Data science methods such as ML models (e.g., artificial neural network, predictive regression analysis) were used in five studies to project the hospital length of stay in different patient populations: (a) surgical patients undergoing orthopedic and neurosurgical operations 48,92,93 , (b) patients who underwent surgeries as first-case in a day 94 , and (c) critical care patients 95 . In two studies, NLP was used to characterize variables using narrative clinical notes 96 or patient comments 97 in order to study their association with hospital length of stay in a population of children with psychiatric complaints and orthopedic surgical patients, respectively.

Discussion

Only in one study 96 was nursing data (specifically, clinical notes written by triage or bedside nurses) used as predictors of length of stay even though several studies have shown the predictive power of nursing data on this outcome 98 . Further studies should include nursing data in predictive analytics methods to improve the prediction for patient and process outcomes.

Pain

Key Findings

Specific to predictive modeling, some studies focused on pain management 99-102 while other studies dealt with identifying predictors of pain 103-110 . There are studies that used biometric data to predict pain using brain grey-matter images 111 and another study that investigated the role of brain patterns in pain management among ED nurses 100 . Lee et al.’s 112 work using multi-modal imaging and autonomic signals as ML predictive variables is a very remarkable contribution in this area. Similarly, Jiang et al. 113 used multiple physiological parameters, galvanic skin response, and electromyography to predict pain level among non-verbal patients while Lim et al. 114 used a deep learning method on photoplethysmography signals to assess pain during surgery.

Discussion

The data sources used in the studies are mostly from the EHR, registry, public database, and clinical trial database containing data on inpatient/surgical encounters, survey questionnaires, and direct observation. Data types range from patient questionnaires (reported pain using numeric scale) to discrete observation data to more advanced biomedical measurements such as imaging data (e.g., magnetic resonance imaging) and physiologic sensor data (e.g., electromyography, photoplethysmography signals). These data were collected in various settings including hospitals, ambulatory clinics, community health, residential care, dental clinics, and sports medicine centers.

Data science techniques included least absolute shrinkage and selection operator, random forest regression, linear support vector classification, NLP of non-structured text, univariate/multivariate logistic regression, analysis of variance, cox proportional hazard regression model, k-means clustering, artificial neural network, support vector machine, multiple learning kernel regression model, multi-layer perceptron neural network, and deep belief network. Validation and testing techniques include bootstrapping, cluster sampling, leave-one-subject-out cross-validation, and 10-fold cross validation.

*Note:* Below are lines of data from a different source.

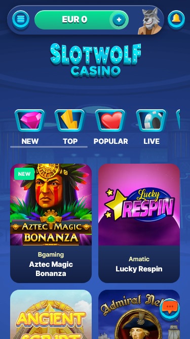 كازينو SlotWolf مدعوم بواسطة Microgaming, Net Entertainment, BetSoft, 1x2gaming, Amatic Industries, ELK Studios, Evolution Gaming, iSoftBet, lightningboxgames, Oryx, Play'n GO, playson, Rabcat, Relax Gaming, Thunderkick, Yggdrasil, Endorphina, Wazdan, Realistic Games, Booming Games, Pragmatic Play, Nolimit City, GAMING1, Red Tiger Gaming, Spinomenal, Red Rake Gaming, Skillzzgaming, Fantasma Games, Revolver Gaming, Triple Edge Studios, BGAMING, Northern Lights Gaming, Stormcraft Studios, Electric Elephant Games, Pocket Games Soft, Dreamtech Gaming, Bulletproof Games, All41 Studios, Pulse 8 Studios, Neon Valley Studios, Golden Rock Studios, Spearhead Studios, Swintt, TrueLab Games, SpinPlay Games, GONG Gaming, Lady Luck Games, Buck Stakes Entertainment, Games Global, Amusnet Interactive, Wizard Games, 2by2 Gaming, Ainsworth, NextGen, Pariplay, Push Gaming, Tom Horn Gaming, Authentic Gaming, Iron Dog Studio, Old Skool Studios, Foxium, Just For The Win, Reflex Gaming, Storm Gaming Technology, PearFiction Studios, Wild Streak Gaming, Slingshot Studios, Fortune Factory Studios, Jade Rabbit Gaming, 4ThePlayer, AvatarUX, Gamevy, Crazy Tooth Studio, High 5 Games, ReelPlay, Alchemy Gaming, Plank Gaming, BB Games, Black Pudding Games, Snowborn Games, Boomerang Studios, Hacksaw Gaming, Max Win Gaming, Gold Coin Studios, Bang Bang Games, Half Pixel Studios, Slotmill, SilverBack Gaming, Peter And Sons, Armadillo Studios, FlipLuck, Apparat Gaming, Neko Games and Reel Kingdom ، وتُقدم ألعاب المجموعة عبر منصة إنترنت تُحمّل عبر متصفح الويب. الموقع مصمم بشكل جيد وسهل التصفح، ويدعم الهواتف المحمولة بشكل كامل.
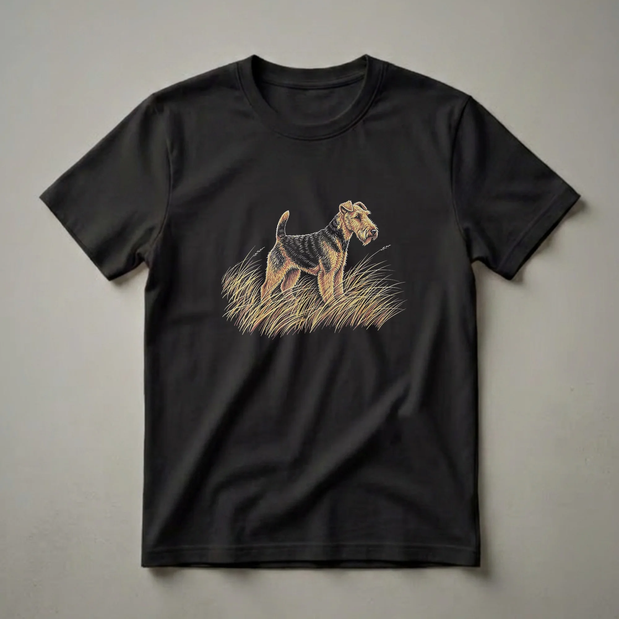 Fellow Welsh Terrier enthusiasts will adore this artistic t-shirt showcasing a beautifully rendered drawing of their favorite spirited breed. This eye-catching t-shirt features a detailed drawing of a Welsh Terrier standing alertly amidst tall, golden grass, capturing the dog's characteristic alert stance and textured fur. The Welsh Terrier, originating from Wales, is known for its lively and affectionate nature, often described as a fearless and friendly companion. This breed was historically used for hunting vermin, showcasing their tenacity and intelligence. This graphic tee is a wonderful way for any Welsh Terrier mom or dad to express their affection for their four-legged family member. It makes a thoughtful gift for birthdays, holidays, or just because. Imagine wearing this shirt to your next dog park visit or a casual outing with fellow dog enthusiasts. This unique apparel celebrates the charm and character of the Welsh Terrier, making it a go-to tee for breed aficionados. This shirt is a fantastic way to show off your pride in this distinctive breed.
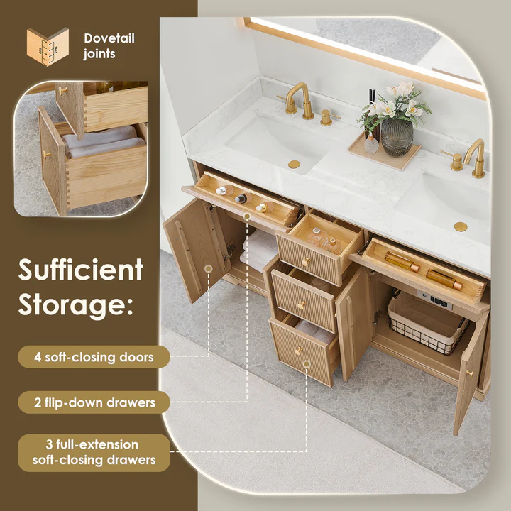 - Soft-Closing Design: High-quality soft-close hinges and drawer slides ensure quiet and gentle operation, enhancing durability.
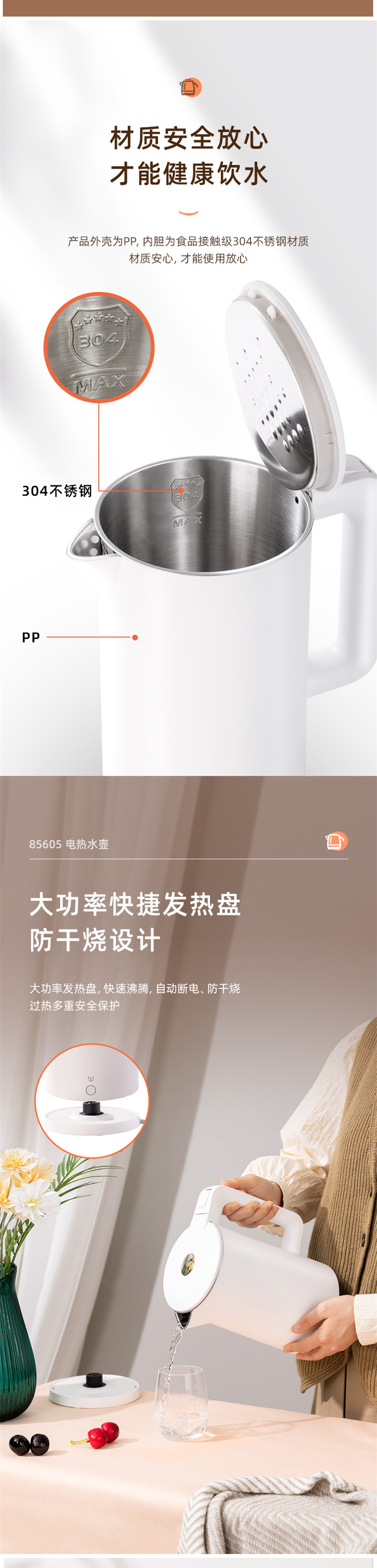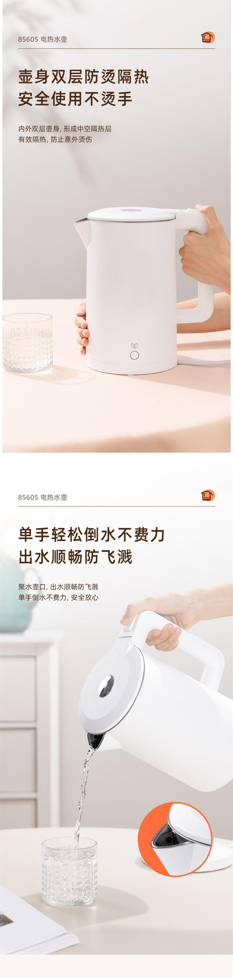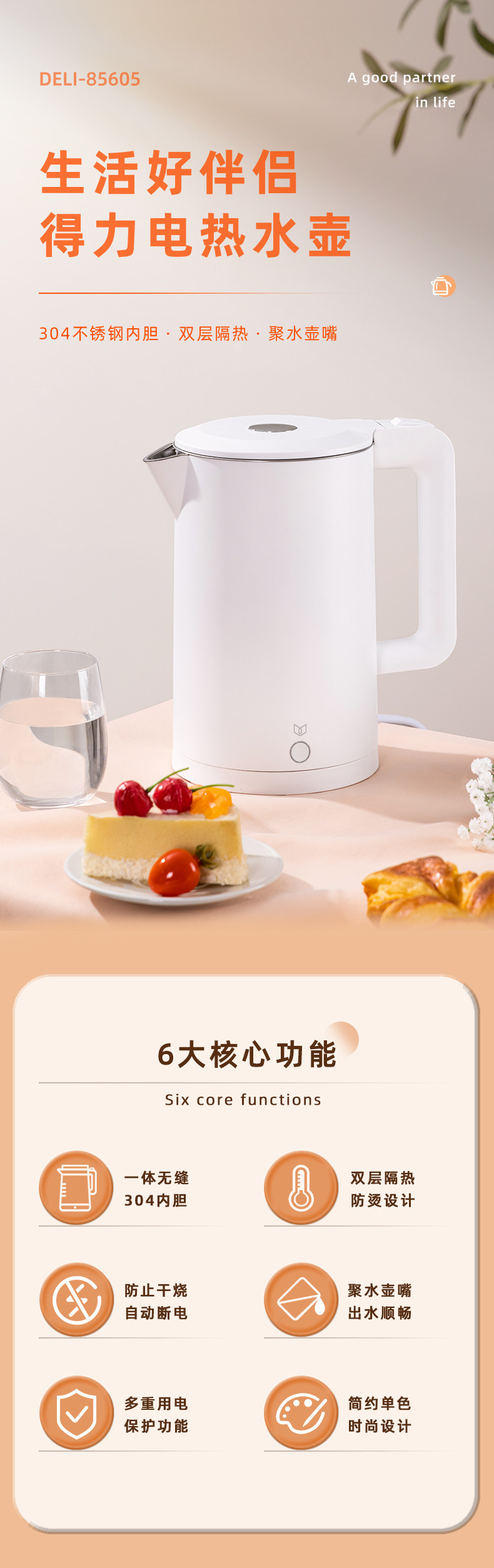 델리 85605 전기 주전자 사무실 가정용 304 스테인레스 스틸 내부 2 층 단열 가열 방지 뜨거운 주전자 도매

The use of data science in pain management has a major impact on medical and nursing practice. Its use can improve the ability to classify/measure pain in non-verbal patients (e.g., those on intra-operative deep sedation, those with altered levels of consciousness) and could change the way pain assessment is regarded as a purely subjective type of assessment. Advancing pain measurement or pain prediction based on various factors can greatly enhance the current pain management approach, which has the potential to reduce opioid overdose through personalized medicine. Prognostic pain models for chronic pain management can lead to more accurate opioid prescriptions for long-term opioid therapy, which may also reduce opioid overdose. Predictive models focusing on non-pharmacological interventions to pain management can improve medication safety by focusing on alternative options.

Patient Safety

Key Findings

The primary outcomes were the identification and classification of falls and fall incident reports 115-117 , safety, and predicting perspectives of patient safety on the Hospital Survey on Patient Safety Culture 118 . Studies using data science techniques primarily used NLP 29,115,119 , neural networks 29,120 , and random forest 29,116 algorithms for analysis. The data used to create models came from the EHR, narrative notes, and various surveys on hospital unit metrics. One study used online drug reference guides as part of a model to identify the potential for drug-drug interactions from EHR data 117 .

Discussion

Only one patient safety study using data science techniques included nursing data 118 . No other studies directly used nursing data or were published in nursing journals. The limited exposure of nurses to data science techniques that investigate patient safety may be due to the lack of nursing researchers with expertise in patient safety and the use of data science techniques to create understanding.

Pressure Injuries

Key Findings

Shi, Dumville, and Cullum 121 reviewed, through a systematic review and meta-analysis, clinical effects of 22 prognostic models for predicting pressure injury (PI) risk; most of the models were built by logistic regression and Cox regression.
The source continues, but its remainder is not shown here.